On 11/25/24 2:23 PM, Guenter Roeck wrote:
> On 11/25/24 10:12, Sebastian Andrzej Siewior wrote:
>> On 2024-11-25 09:59:09 [-0800], Guenter Roeck wrote:
>>> On 11/25/24 09:43, Sebastian Andrzej Siewior wrote:
>>>> On 2024-11-25 09:01:33 [-0800], Guenter Roeck wrote:
>>>>> Unfortunately it doesn't make a difference.
>>>>
>>>> stunning. It looks like the exact same error message.
>>>>
>>>
>>> I think it uses
>>>
>>> #define spin_lock_irqsave(lock, flags) \
>>> do { \
>>> raw_spin_lock_irqsave(spinlock_check(lock), flags); \
>>> } while (0)
>>>
>>> from include/linux/spinlock.h, meaning your patch doesn't really
>>> make a difference.
>>
>> The difference comes from DEFINE_SPINLOCK vs DEFINE_RAW_SPINLOCK. There
>> is the .lock_type init which goes from LD_WAIT_CONFIG to LD_WAIT_SPIN.
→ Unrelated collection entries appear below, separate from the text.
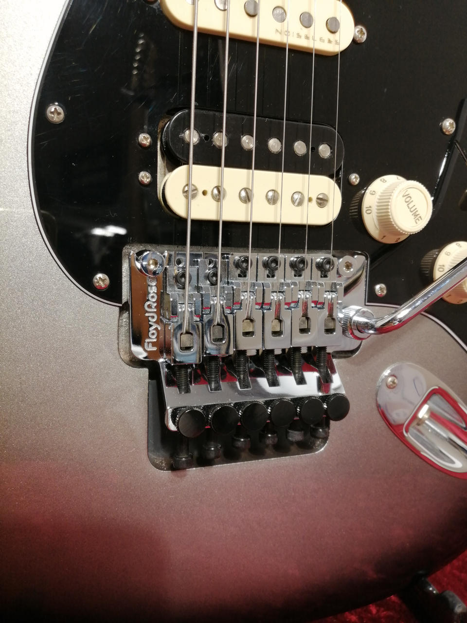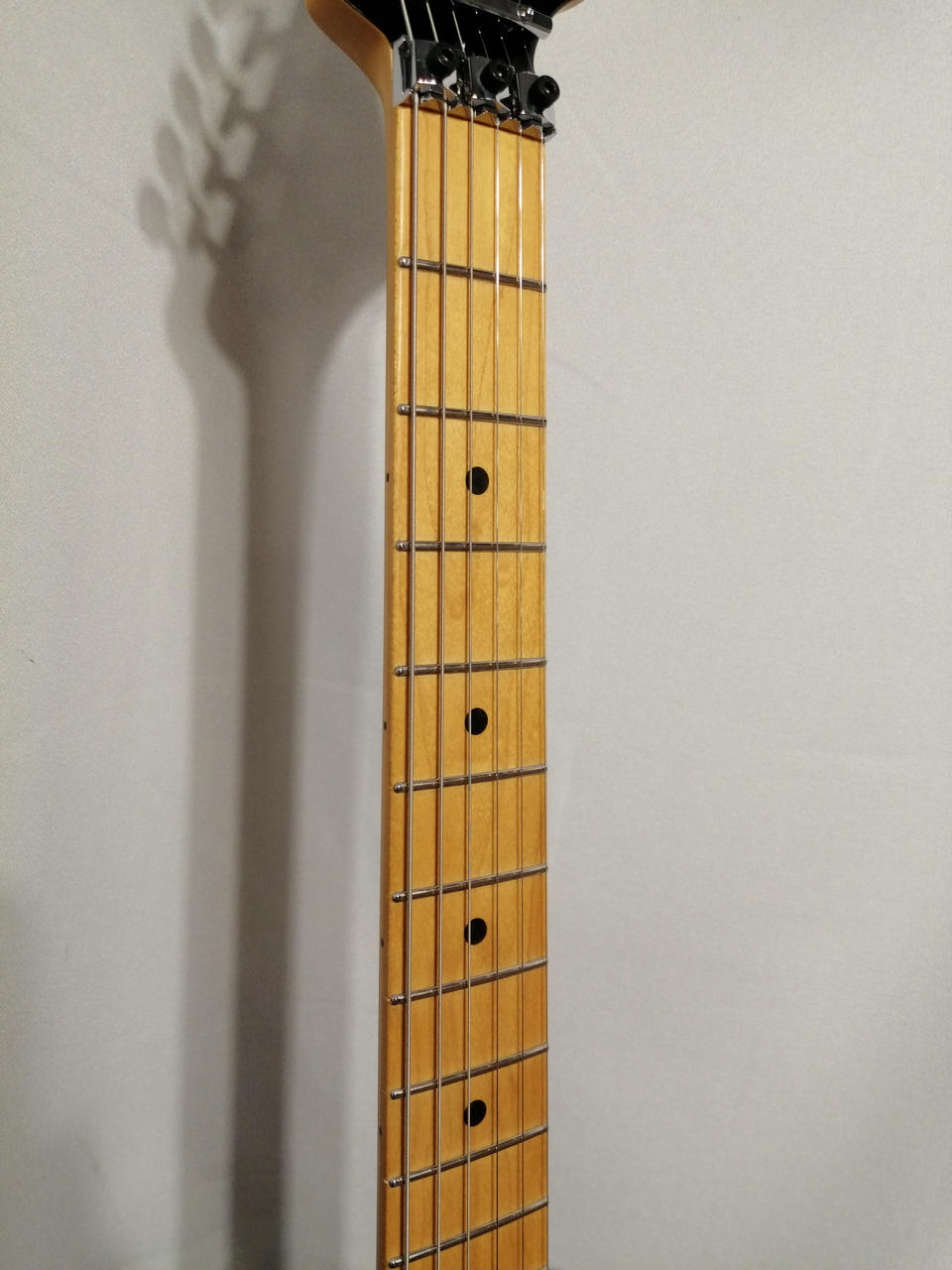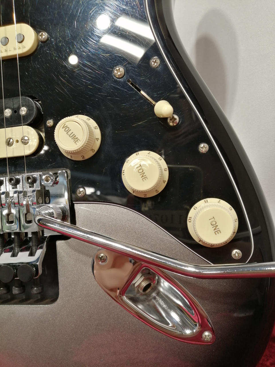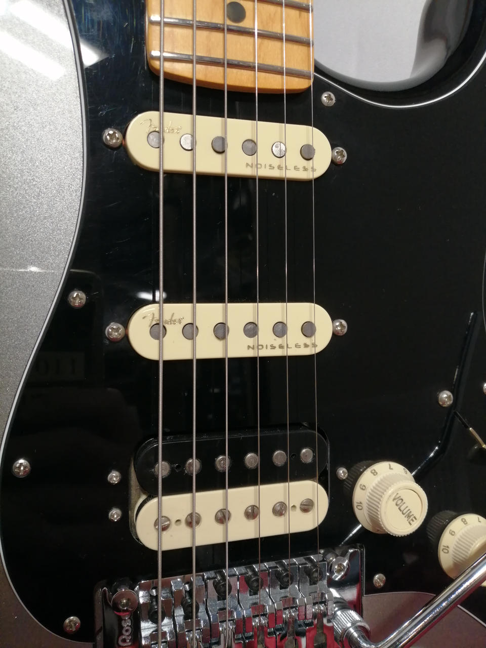ステンレススチールミディアムジャンボ22フレット、10-14インチコンパウンドラジアス指板、Ultra Noiseless Vintage P.U搭載。 |
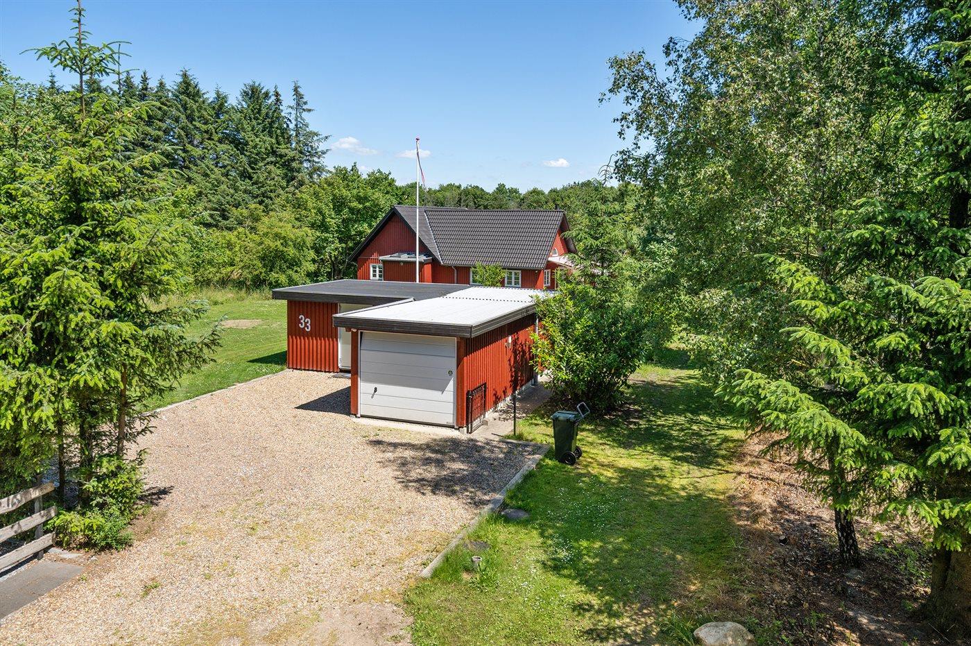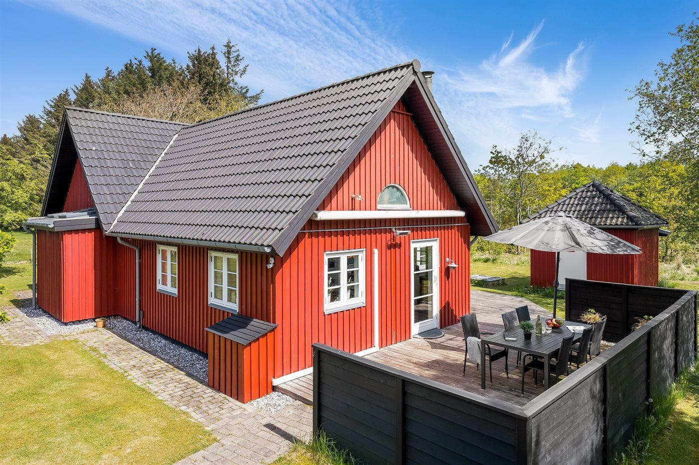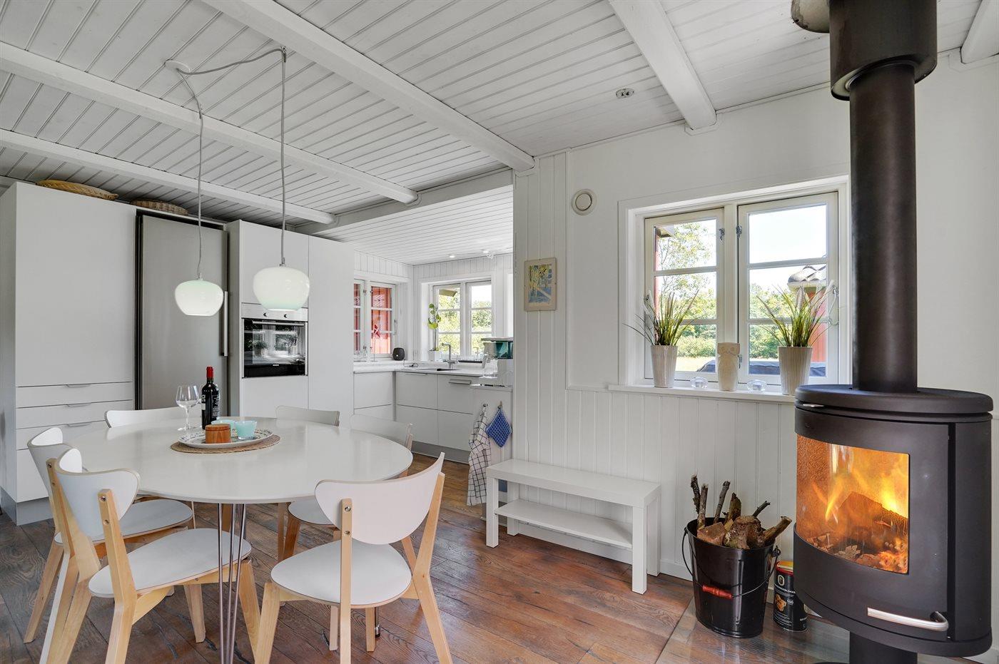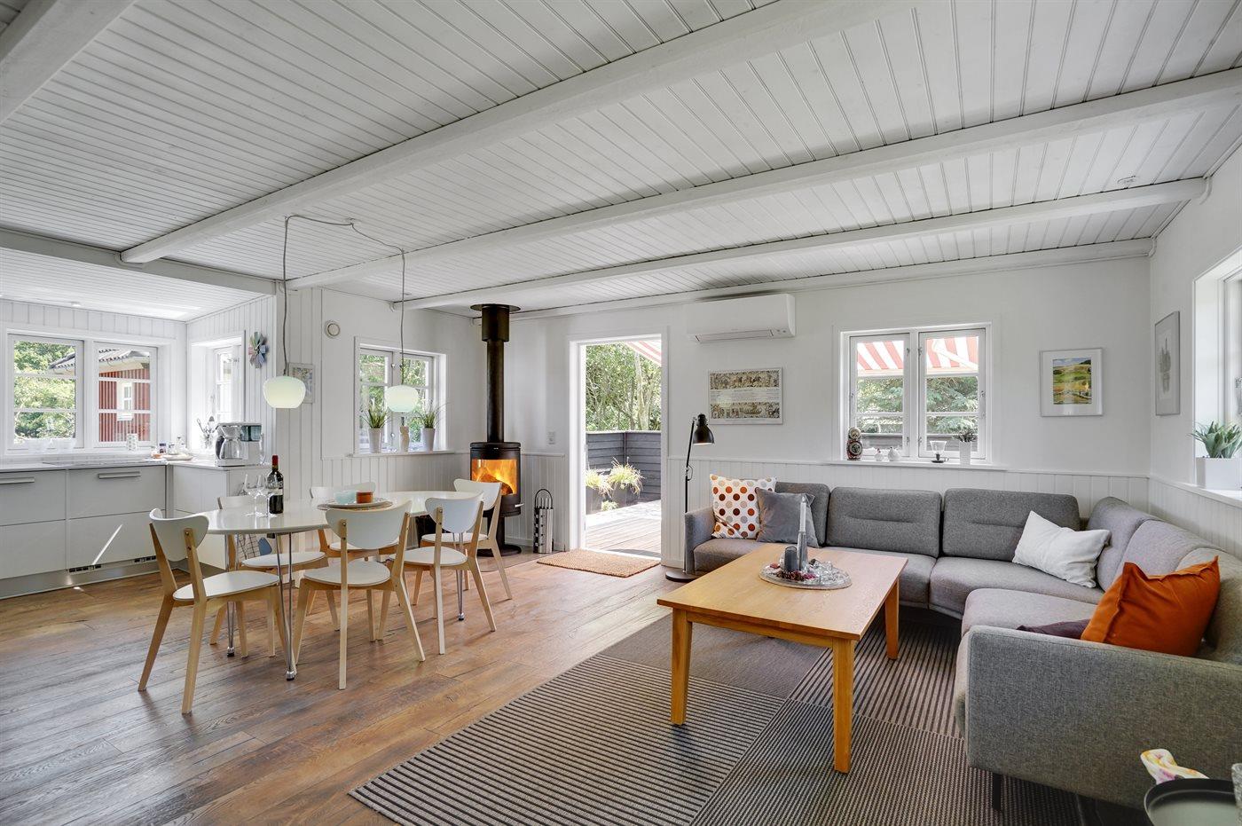 Dette skønne, svensk inspirerede sommerhus giver plads til at komme ned i gear og nyde naturen. Huset ligger på en ugenert grund sidst på vejen med have og udsigt ud til naturområde. Fra huset er der direkte adgang til områdets 11 km stier. Til huset hører også et aktivitetsrum med bl.a. vendbart pool- og air hockey bord samt fitness udstyr. Husets hjerte er den dejlige opholdsstue, der giver plads til ro og fordybelse i den store sofa, hvor hele familien kan nyde flammerne i brændeovnen eller se en god film i fjernsynet. Der er også bøger og spil som kan benyttes under opholdet.
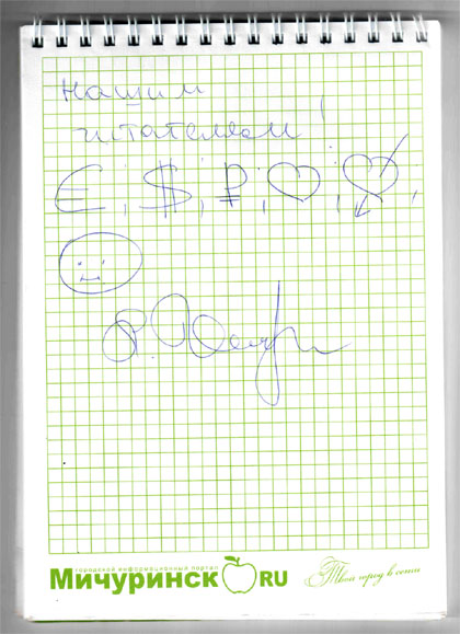 Для читателей нашего портала Любовь Шепилова оставила необычный графический автограф – обозначения евро, доллара, рубля, сердечки и смайлик. Что в её интерпретации означает: «Денег всяких и разных, любви, страсти и хорошего настроения!».

>> And this is all it matters.
>>
>
> Ah, now I get it. Thanks for the explanation. And it turns out my log
> was wrong.
> I must have taken it from the old image. Sorry for that.
>
> That specific backtrace isn't seen anymore. But there is another one.
>
> [ 1.779653] =============================
> [ 1.779860] [ BUG: Invalid wait context ]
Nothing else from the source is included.